What ensued the fall of the Qing was a period of intense social and political churn. Thinkers, writers and activists rallied against traditional governance systems and social structures, which they claimed had fostered dogma and weakness. What China needed was a new approach and thinking. What China needed, as Chen Duxiu argued, was to look toward Mr. Science and Mr. Democracy. For Chen, a co-founder of the Chinese Communist Party, it was only these two gentlemen who could “save China from the political, moral, academic, and intellectual darkness.”

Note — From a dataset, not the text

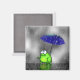 Jolie petite grenouille verte dehors par jour de pluie sous un parapluie bleu. Amusant et aimant unique ! Dessin de Taylor Addams.

This formulation fed what’s called the New Culture movement, which was catalytic in the May 4, 1919, protests. Among other things, this movement brought science and the scientific method — i.e., rational thought over superstition and experimentation and exploration over the unquestioning authority of the classics — at the heart of the discourse over state power.

Populism and power

This view found favour with Mao Zedong, the founding father of the People’s Republic of China, despite his revolutionary ideological leanings. The journey of scientific and technological advancement in Maoist China, however, was a bumpy ride, to say the least. Much of the discourse around scientific development in the Maoist era tends to be dominated by the anti-intellectualism of the Cultural Revolution (1966-76) along with an emphasis on self-reliance. If one were to conduct an opportunity-cost analysis, Mao isn’t likely to fare well. Despite that, there were significant developments in Chinese science during his rule.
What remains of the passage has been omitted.